Starting point is 00:06:43 He never did. About a year later, though, my grandmother mailed me a letter. She said she'd like to meet me, but only if her husband was out of the house, she didn't want him all wound up. I thought about calling her. But life got in the way. We were moving to Vietnam soon, and I never followed up. Sometimes I still wonder if she's alive. Their house is only about a seven-minute drive from where I grew up. There was one highlight in all this searching. I managed to meet up with one of my dad's old skateboarding friends. We sat down, and I told him my whole story, about Rhodes, about finding my dad's name in a news article, about my search for family. He looked at me for a long moment and said, man, you've got Doug's mannerisms.

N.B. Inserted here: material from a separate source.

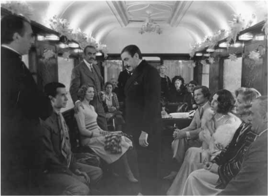
39. Murder on the Orient Express : Stars as scenery. (Jean-Pierre Cassel, Anthony Perkins, Vanessa Redgrave, Sean Connery, Ingrid Bergman, George Coulouris, Albert Finney, Rachel Roberts, Wendy Hiller, Colin Blakely, Michael York, Jacqueline Bisset, Lauren Bacall, Martin Balsam)

This reframing of the story's mystery by the terms of the film's production is echoed by its use of its period setting. Christie's novel – obviously inspired by the 1932 kidnapping of the baby of Charles Lindbergh, the aviator whose 1927 solo flight over the Atlantic had made him a hero – is set, like the film, in the early 1930s. Whereas Christie treats her setting as unobtrusively contemporary, however, the film emphasizes what has now become its remote historical period in a thousand ways, through costumes, hairdos, interior decor, and quaint vanished customs. The very presence of the anachronistic butler played by the iconic Shakespearean Gielgud frames the film's era as reassuringly as the repeated shots of the locomotive's belching smokestack. To the novel's original exoticism of place and class reassuringly remote from those of its middle-class target audience, the film thus adds the nostalgic framing of a remote historical period. Even the film's indirect allusions to the fatal Lindbergh kidnapping, separated from its audience by forty years and a murder conviction, become nostalgic in this context. This consistently archaeological

Starting point is 00:07:32 It's uncanny, that conversation meant more than I can put into words. And meanwhile, while I was piecing together my dad's ghost of a life, Robert Ben Rhodes was rotting away in prison. Google his mugshot. He looks like some twisted, nightmare version of Popeye the Sailor Man. People have written books and articles about him. Some of the most notable are. Roadside Prey by Alva Bush, 1996. Serial killers, The Method and Madness of Monsters by Peter Vronsky, 2004.
Starting point is 00:08:05 The truck stop killer by Vanessa Veselka, GQ, 2012. That last one. Veselka herself escaped from Rhodes in 1985. Her story reads like a thriller. There are documentaries too. The FBI Files, YouTube has the episode. Cold Case Files, Season 1, Episode 16, The Truck Stop Killer slash the Texas Drifter, and podcasts galore. Death Row Diaries, The Serial Killer Podcast, leave the lights on, but nothing hits harder than the photo.
Starting point is 00:08:38 The one of 14-year-old Regina K. Walters, hands up in fear, in the barn where her life ended. Rhodes took that photo himself. It's haunting in a way words can't capture. So yeah. When people ask me who the most evil serial killer in history was, I don't hesitate. Robert Ben Rhodes. Because he didn't just terrorize strangers. He stole my dad before I ever got the chance to know him.
Starting point is 00:09:06 And that's something no amount of Googling or family tree building will ever fix. The end.